# Description of the task
Please transcribe the data below in full, word for word, without the images.

# Supplied information
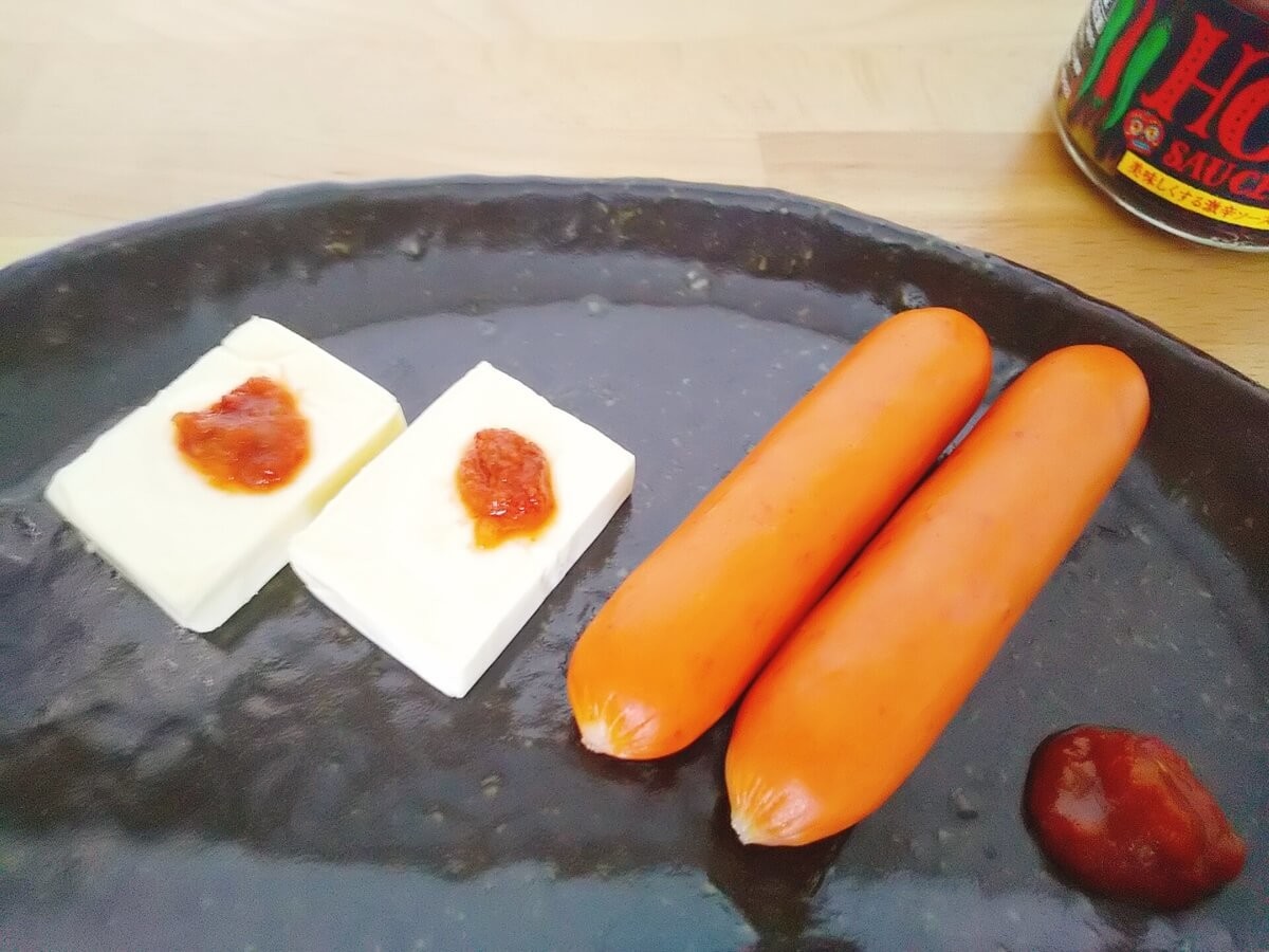 左は「ピリ辛チーズ」。ベビーチーズにソースをちょいのせしたら完成。チーズのマイルドさに激辛ソースがベストマッチしたおつまみです。
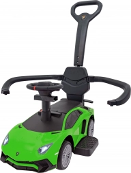 Stylové dětské odrážedlo s vodicí tyčí inspirované ikonickým modelem Lamborghini Aventador SV nabízí bezpečnou jízdu s gumovými koly, LED předními světly a zvukovými tlačítky na volantu. Lehké, stabilní a pohodlné – perfektní pro procházky i první řidičské zážitky.
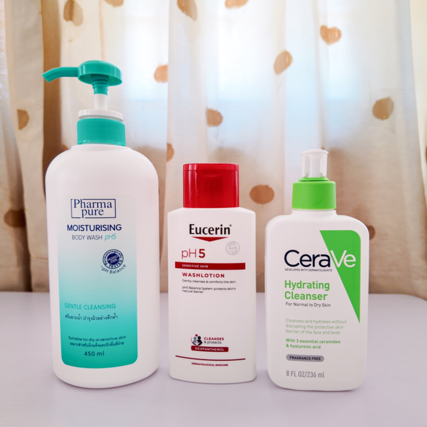 จนได้มาเจอกับ 3 ตัวนี้ค่ะ Eucerin pH5 SENSITIVE SKIN WASHLOTION , PharmaPure Moisturizing Body Wash pH5 , CeraVe Hydrating Cleanser ที่คัดมาแล้วว่าเหมาะสำหรับผิวแพ้ง่าย
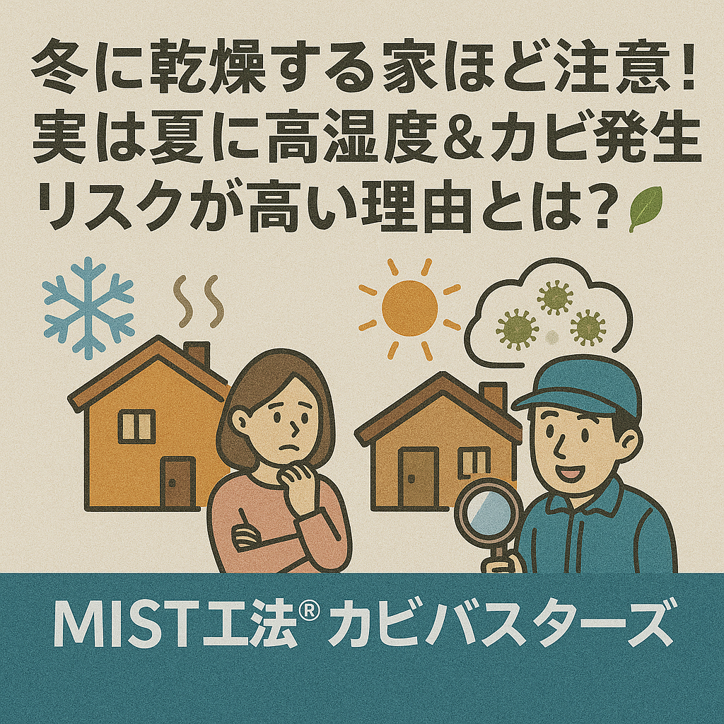 冬にカラッと乾燥する家は快適そうに見えて、実は夏に“カビ天国”になりやすい⁉️ その原理と対策を、MIST工法®カビバスターズ本部がやさしく解説します✨
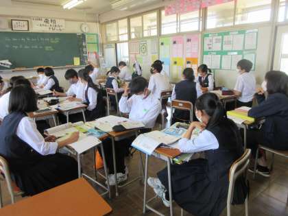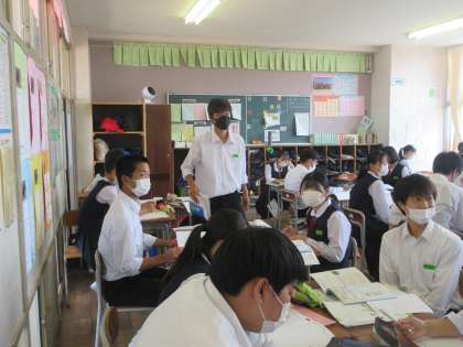 英語の授業です。 朝美が新しいALTのベイカー先生と会話している場面を学習しました。
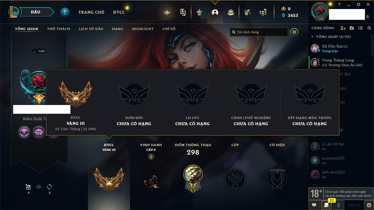 Rank Đơn: Vàng IIIKhung: VàngTướng: 77 - Còn 21172 THXTrang Phục: 8Rank ĐTCL: Kim Cương IIILinh Thú: 23
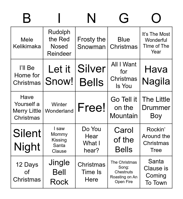 This bingo card has a free space and 32 words: The Christmas Song: Chestnuts Roasting on An Open Fire, Sleigh Ride, Winter Wonderland, Jingle Bells, Silent Night, Let it Snow!, It’s The Most Wonderful TIme of The Year, Rockin’ Around the Christmas Tree, Rudolph the Red Nosed Reindeer, Santa Baby, Silver Bells, Frosty the Snowman, Oh Come All Ye Faithful, Feliz Navidad, Go Tell it on the Mountain, White Christmas, 12 Days of Christmas, Have Yourself a Merry Little Christmas, Do You Hear What I hear?, I saw Mommy Kissing Santa Clause, Carol of the Bells, Holly Jolly Christmas, The Little Drummer Boy, Jingle Bell Rock, Santa Clause is Coming To Town, Blue Christmas, All I Want for Christmas Is You, I’ll Be Home for Christmas, Mele Kelikimaka, Christmas Time Is Here, Hark! The Herald Angels Sing and Hava Nagila.
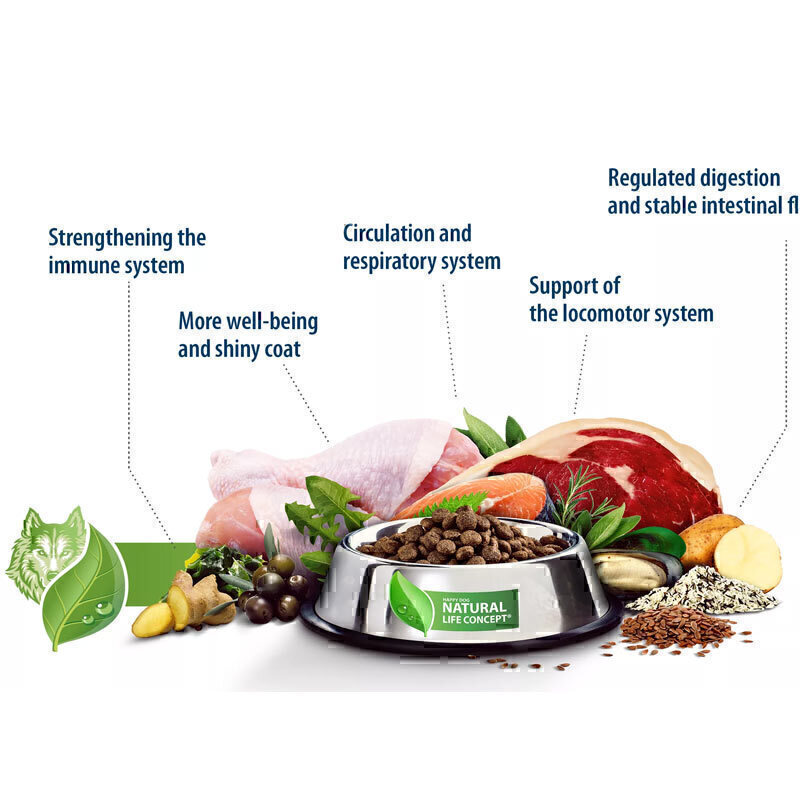مناسب برای تمامی سگ های بالغ نژاد کوچک مخصوص رشد بصرفه توله سگ ها تغذیه متعادل و مناسب و بدون شکر بدون استفاده از محصولات پروتئینی ژنتیکی 100% طبیعی دارای گیاهان با ارزش محلی هضم آسان و راحت برای توله سگ های 4 هفته تا 6 ماه حاوی پروتئین حیوانی مانند گوشت بره، مرغ، گوشت گاو، ماهی، تخم مرغ

# Answer to this task
 左は「ピリ辛チーズ」。ベビーチーズにソースをちょいのせしたら完成。チーズのマイルドさに激辛ソースがベストマッチしたおつまみです。
 Stylové dětské odrážedlo s vodicí tyčí inspirované ikonickým modelem Lamborghini Aventador SV nabízí bezpečnou jízdu s gumovými koly, LED předními světly a zvukovými tlačítky na volantu. Lehké, stabilní a pohodlné – perfektní pro procházky i první řidičské zážitky.
 จนได้มาเจอกับ 3 ตัวนี้ค่ะ Eucerin pH5 SENSITIVE SKIN WASHLOTION , PharmaPure Moisturizing Body Wash pH5 , CeraVe Hydrating Cleanser ที่คัดมาแล้วว่าเหมาะสำหรับผิวแพ้ง่าย
 冬にカラッと乾燥する家は快適そうに見えて、実は夏に“カビ天国”になりやすい⁉️ その原理と対策を、MIST工法®カビバスターズ本部がやさしく解説します✨
 英語の授業です。 朝美が新しいALTのベイカー先生と会話している場面を学習しました。
 Rank Đơn: Vàng IIIKhung: VàngTướng: 77 - Còn 21172 THXTrang Phục: 8Rank ĐTCL: Kim Cương IIILinh Thú: 23
 This bingo card has a free space and 32 words: The Christmas Song: Chestnuts Roasting on An Open Fire, Sleigh Ride, Winter Wonderland, Jingle Bells, Silent Night, Let it Snow!, It’s The Most Wonderful TIme of The Year, Rockin’ Around the Christmas Tree, Rudolph the Red Nosed Reindeer, Santa Baby, Silver Bells, Frosty the Snowman, Oh Come All Ye Faithful, Feliz Navidad, Go Tell it on the Mountain, White Christmas, 12 Days of Christmas, Have Yourself a Merry Little Christmas, Do You Hear What I hear?, I saw Mommy Kissing Santa Clause, Carol of the Bells, Holly Jolly Christmas, The Little Drummer Boy, Jingle Bell Rock, Santa Clause is Coming To Town, Blue Christmas, All I Want for Christmas Is You, I’ll Be Home for Christmas, Mele Kelikimaka, Christmas Time Is Here, Hark! The Herald Angels Sing and Hava Nagila.
مناسب برای تمامی سگ های بالغ نژاد کوچک مخصوص رشد بصرفه توله سگ ها تغذیه متعادل و مناسب و بدون شکر بدون استفاده از محصولات پروتئینی ژنتیکی 100% طبیعی دارای گیاهان با ارزش محلی هضم آسان و راحت برای توله سگ های 4 هفته تا 6 ماه حاوی پروتئین حیوانی مانند گوشت بره، مرغ، گوشت گاو، ماهی، تخم مرغ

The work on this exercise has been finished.